A short note on yuppies:

Yes we get it. Young Urban Professionals. Upward mobility for (mostly) young white people wanting the best of everything. We get it: yuppies are more Wall Street conscious while hipsters are more charity conscious. We get it: they’re often the most biggest investors in urban art forms, including rap, slam poetry, and art. We also understand that the characteristics of a yuppie are broad enough that it’s far too ambiguous but any combination of yuppie / hipster characteristics will be met with disdain and spray paint against developing edifices all across any given metropolis. We don’t want them to die (well, most of us don’t).
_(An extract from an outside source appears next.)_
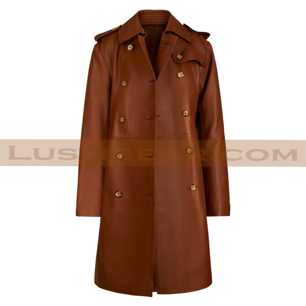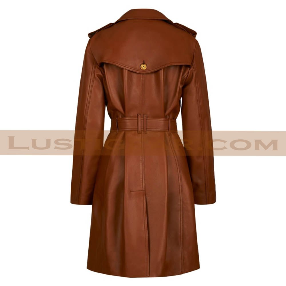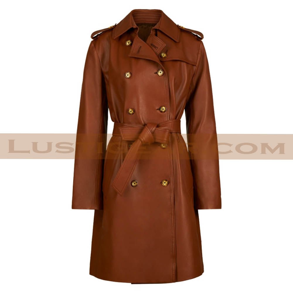 Double Breasted Belted Trench Leather Coat Women’s Brown Long Jacket.

We understand; they’re people, too.

The rest of us urbanites aren’t letting up on yuppies and hipsters, though, and here’s why:

1) Yuppie-ism often invites more police and law enforcement to certain areas. Not that we hate the police per se, but why are poor communities only allowed to have better police enforcement when yuppies come in? Did we not pay taxes before or work hard enough for us to get real protection until we let developers gentrify our neighborhoods?

2) Yuppie-ism often means that mom-and-pop shops have to compete with multi-million (and billion) dollar corporations, which usually leads to …
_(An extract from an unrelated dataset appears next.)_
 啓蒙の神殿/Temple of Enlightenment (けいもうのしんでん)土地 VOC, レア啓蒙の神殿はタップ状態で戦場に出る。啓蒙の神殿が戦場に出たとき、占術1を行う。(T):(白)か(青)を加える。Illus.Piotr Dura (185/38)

3) Yuppie-ism often means that the flavor and unique characteristics of different neighborhoods get extricated in exchange for the safe, the sterile, and the monotonous, even when hipsters may preach about how they love the neighborhood and its flavor.

4) Yuppie-ism often drives the natives out of the neighborhood implicitly and not-so-indirectly with rent hikes, new buildings, and higher costs for groceries.

5) Yuppie-ism spends more time on Darfur than the South Bronx. It’s easier when people only look at some country as a distant problem than a train ride away.

6) Yuppie-ism, when confronted with said issue, is about preferring the “save the world” mentality as a measure of some guilt, but sometimes exacerbating the problem.

7) Yuppie-ism is when we see people jogging right across our neighborhoods that we helped build with our culture and and watching as the metaphor for this government-aided invasion punctures holes in us, deflating any possibility that we can have a nice neighborhood without it changing too much.

So the beef isn’t with yuppies / hipsters themselves. It’s with what they bring with them. They don’t really care to look at their shadows, where some of these evils lurk.

jose, who definitely read that New York Magazine article, and wondered this aloud …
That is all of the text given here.